Records excerpted from a collection
□ □ □ □ □ □ □

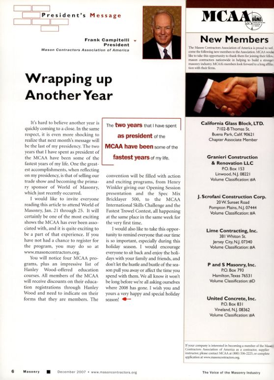 It's hard to believe another year is quickly coming to a close. In the same respect, it is even more shocking to realize that next month's message will be the last of my presidency. The two years that I have spent as president of the MCAA have been some of the fastest years of my life. One the greatest accomplishments, when reflecting on my presidency, is that of selling our trade show and becoming the primary sponsor of World of Masonry, which just recently occurred.
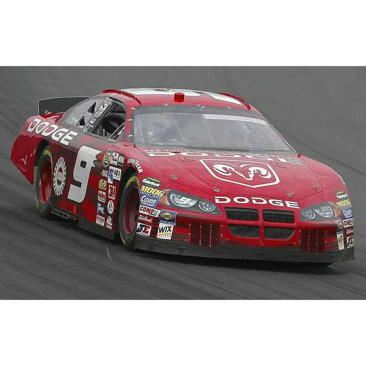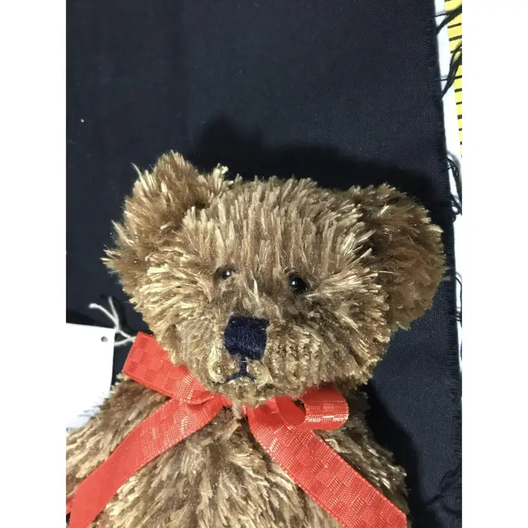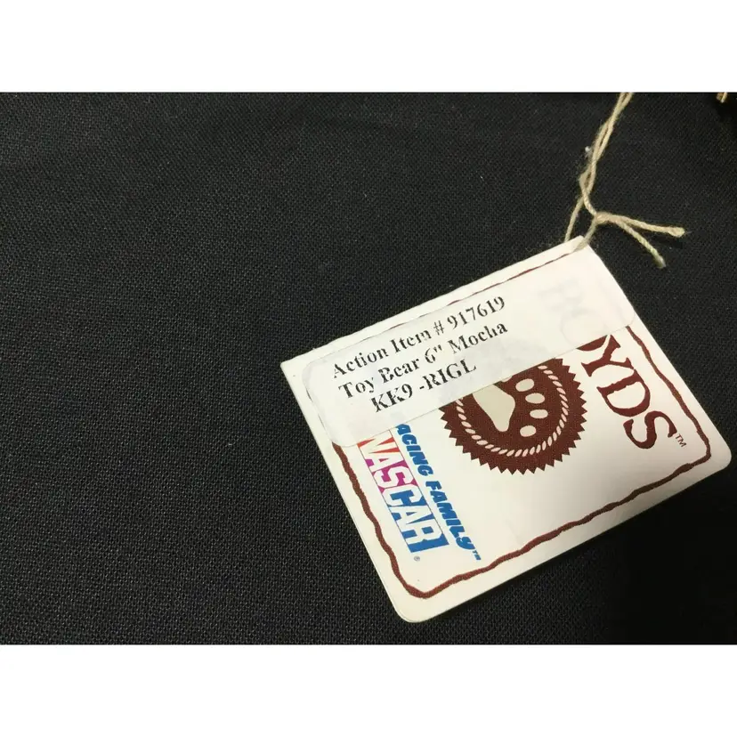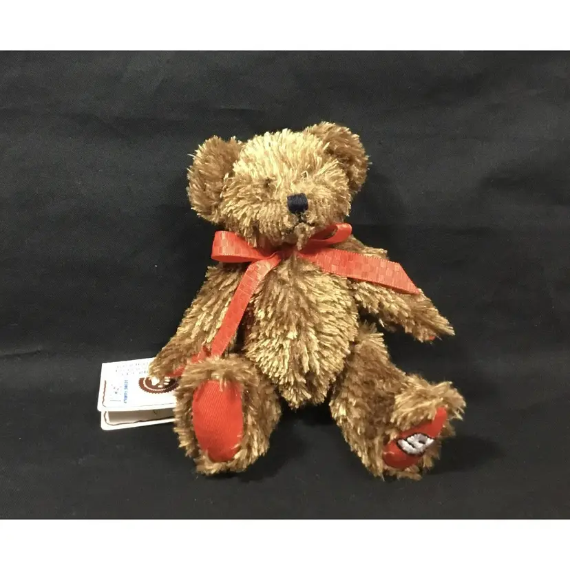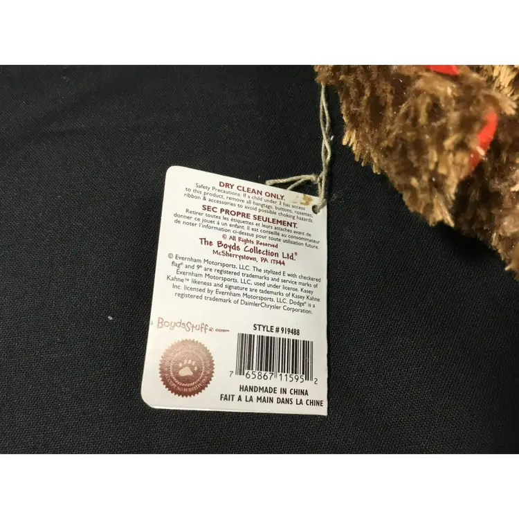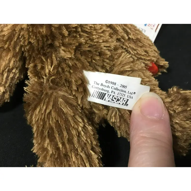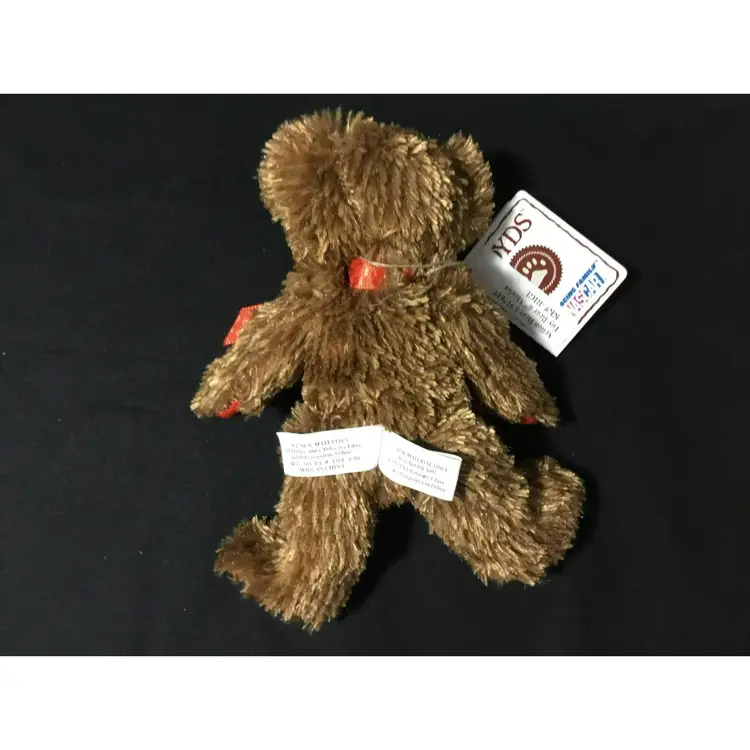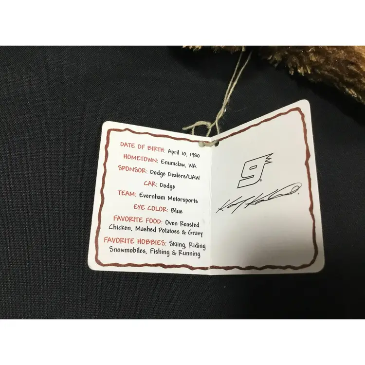6" high, Boyd's bear, brown faux fur with red foot and hand pads, #9 embroidered on foot, black glass eyes, red ribbon around neck vintage Kasey Kahne Dodge #9 bear
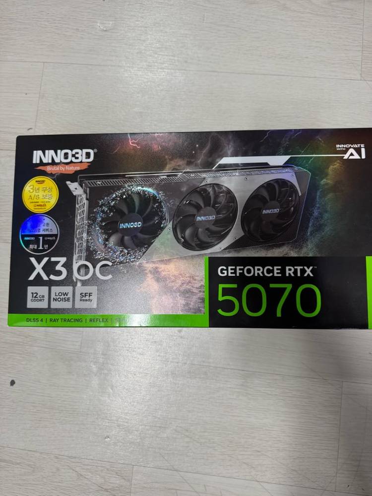 GeForce RTX 5070 그래픽카드입니다.미개봉 박스 상태로 보관되어 있어요. 게이밍이나 작업용으로 성능 좋은 제품입니다. 시리얼상 25.08 보증시작
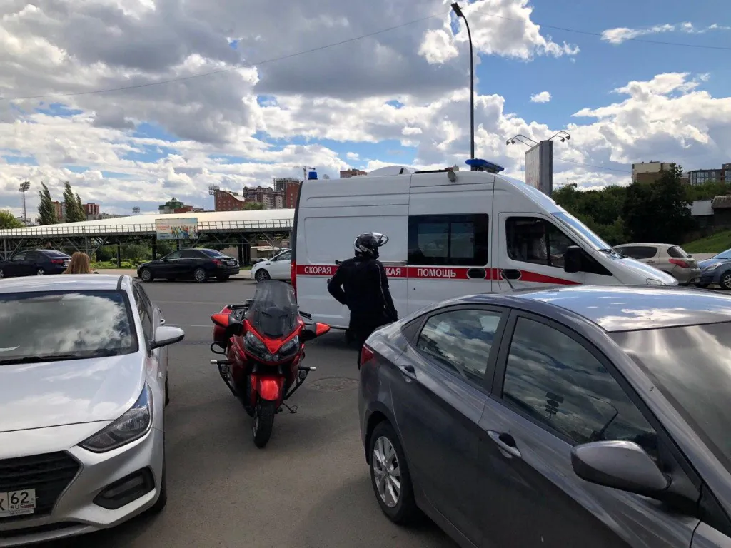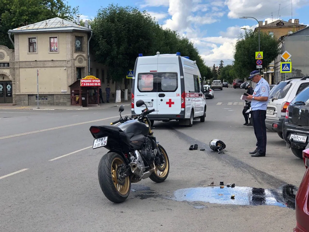 Возле отеля "Старый город" в центре Рязани произошла авария с участием мотоциклиста. Байкер вылетел на встречку и оказался в итоге на асфальте. Фото и видео в редакцию прислали очевидцы ДТП.
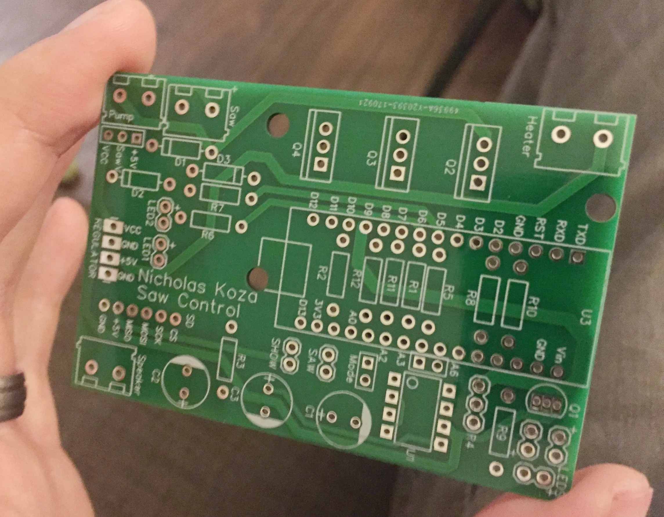 This little arm-mounted prop packs a punch. I built it for a mad doctor costume. It includes a spinning “blade”, fog effects, sound, and lights. Because space was at a premium on a wearable prop like this, I designed a custom PCB to fit the control board into the main housing.
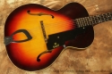 | Comments | The Guild company was formed in 1952 by Avram (Alfred) Dronge, a New York musician and music store owner and George Mann, a former Epiphone executive. Many of the early craftsmen were also from Epiphone, who didn’t want to move from Manhattan with the rest of Epiphone. During the 1950’s, much of Guild’s production was based around archtops, but with the rise of the folk movement, flat-top acoustics started to take over the line and gain an impressive reputation. However, Guild still built archtops, and do to this day. This is a 1966 Guild A50 Cordoba Archtop. When the A-50 was introduced in 1956, it was named the ‘Granada’ but in 1961 was renamed the ‘Cordoba’. This instrument has a double stamped serial number EA 235, which would be an X50 — the same guitar but with a pickup. So, at the factory, the guitar was originally slated to have a pickup, but for whatever reason it was re-numbered as an A50 and left acoustic. The guitar is in good playing condition, and the finish is quite good, but there is some finish pebbling towards the lower bout, as if the cable for something like a deArmond sliding pickup was taped in place. |
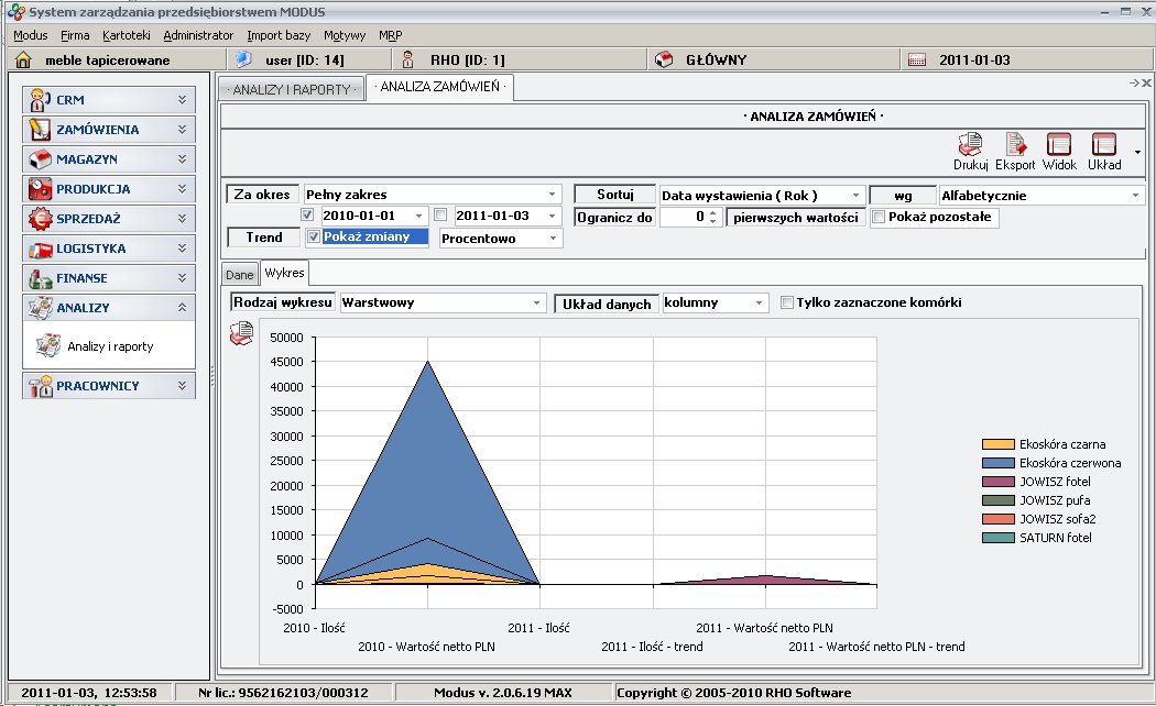 Program umożliwia pełną kontrolę ilość i wartość zamawianych produktów w dowolnym okresie za pomocą wielowymiarowych analiz.
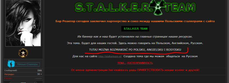 Лично мне кажется, что ниже этого, " Эта тема. Будет для наших гостей. Здесь можно говорить на Польском, Английском, Русском.", должно быть добавлено на польском языке “TUTAJ MOŻNA ROZMAWIAĆ PO POLSKU, ANGIELSKU I ROSYJSKU”.
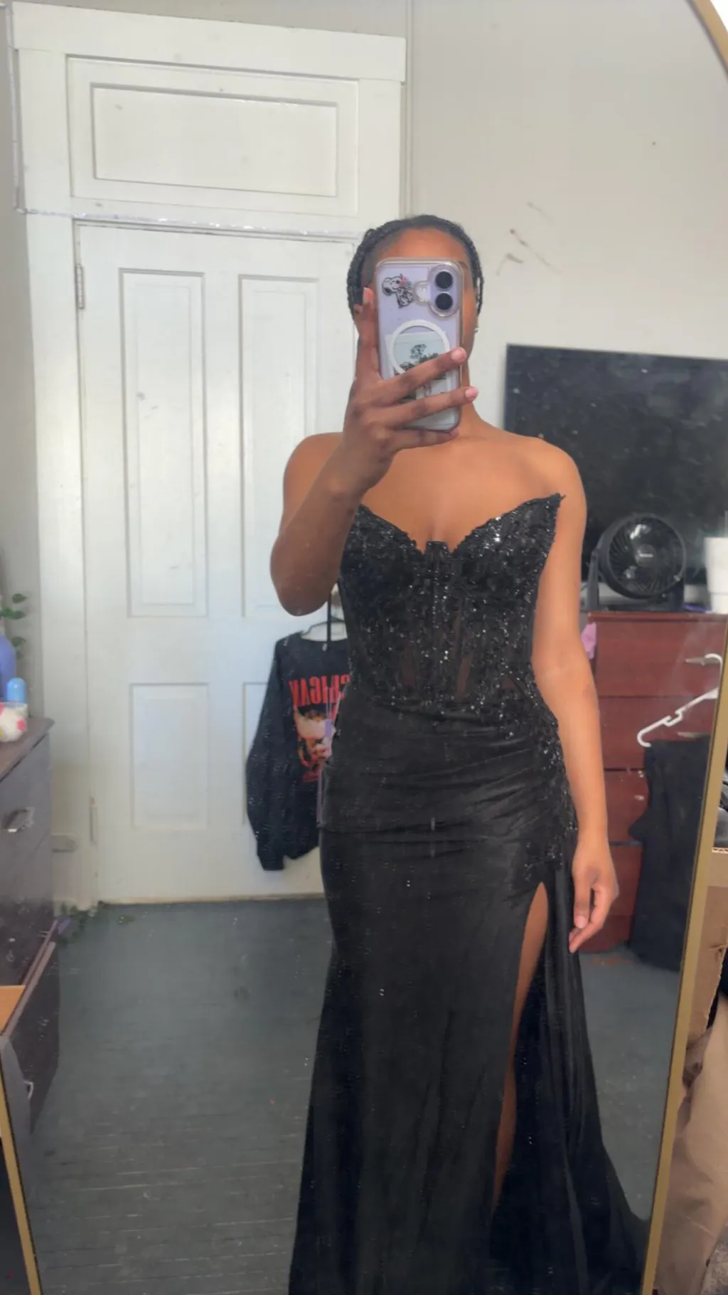 This fitted gown effortlessly combines sophistication and allure, making it a standout choice for any special occasion. The strapless sheer lace bodice is adorned with intricate embellishments, exuding elegance and glamour. A structured corset with lace-up detailing ensures impeccable support and a flattering fit. The taffeta skirt flows gracefully, featuring a striking leg slit that adds a touch of drama and modern flair. Perfect for prom, formal occasions, or black-tie events, this dress offers a stunning blend of contemporary elegance and timeless charm.
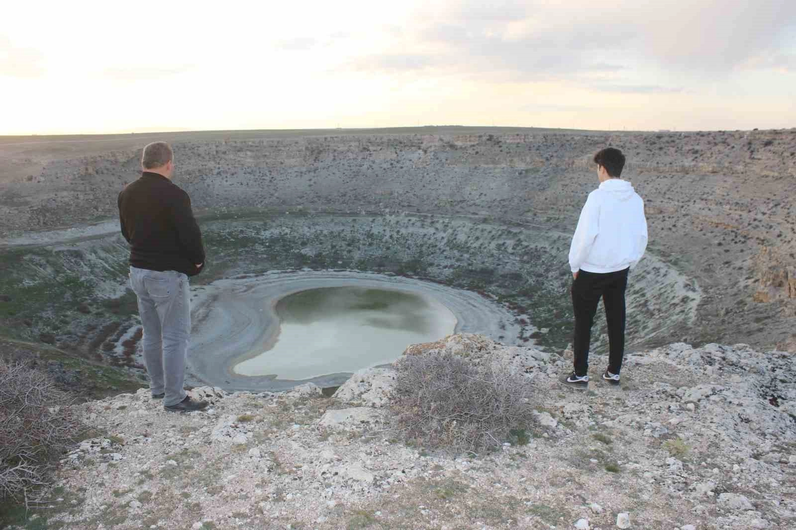 Konya'nın Karapınar ilçesinde bulunan Meyil Obruk Gölü'nün büyük bir bölümü yeraltı sularının çekilmesi ve kuraklık sebebi ile kurudu.

□ □ □ □ □ □ □

What is expected:
The data above holds the lines to copy: start at the one with "Dodge #9 bear", stop at the one with "Лично мне кажется, что", include both, copy them exactly without pictures, and copy nothing else.

Solution to this task:
6" high, Boyd's bear, brown faux fur with red foot and hand pads, #9 embroidered on foot, black glass eyes, red ribbon around neck vintage Kasey Kahne Dodge #9 bear
 GeForce RTX 5070 그래픽카드입니다.미개봉 박스 상태로 보관되어 있어요. 게이밍이나 작업용으로 성능 좋은 제품입니다. 시리얼상 25.08 보증시작
 Возле отеля "Старый город" в центре Рязани произошла авария с участием мотоциклиста. Байкер вылетел на встречку и оказался в итоге на асфальте. Фото и видео в редакцию прислали очевидцы ДТП.
 This little arm-mounted prop packs a punch. I built it for a mad doctor costume. It includes a spinning “blade”, fog effects, sound, and lights. Because space was at a premium on a wearable prop like this, I designed a custom PCB to fit the control board into the main housing.
 | Comments | The Guild company was formed in 1952 by Avram (Alfred) Dronge, a New York musician and music store owner and George Mann, a former Epiphone executive. Many of the early craftsmen were also from Epiphone, who didn’t want to move from Manhattan with the rest of Epiphone. During the 1950’s, much of Guild’s production was based around archtops, but with the rise of the folk movement, flat-top acoustics started to take over the line and gain an impressive reputation. However, Guild still built archtops, and do to this day. This is a 1966 Guild A50 Cordoba Archtop. When the A-50 was introduced in 1956, it was named the ‘Granada’ but in 1961 was renamed the ‘Cordoba’. This instrument has a double stamped serial number EA 235, which would be an X50 — the same guitar but with a pickup. So, at the factory, the guitar was originally slated to have a pickup, but for whatever reason it was re-numbered as an A50 and left acoustic. The guitar is in good playing condition, and the finish is quite good, but there is some finish pebbling towards the lower bout, as if the cable for something like a deArmond sliding pickup was taped in place. |
 Program umożliwia pełną kontrolę ilość i wartość zamawianych produktów w dowolnym okresie za pomocą wielowymiarowych analiz.
 Лично мне кажется, что ниже этого, " Эта тема. Будет для наших гостей. Здесь можно говорить на Польском, Английском, Русском.", должно быть добавлено на польском языке “TUTAJ MOŻNA ROZMAWIAĆ PO POLSKU, ANGIELSKU I ROSYJSKU”.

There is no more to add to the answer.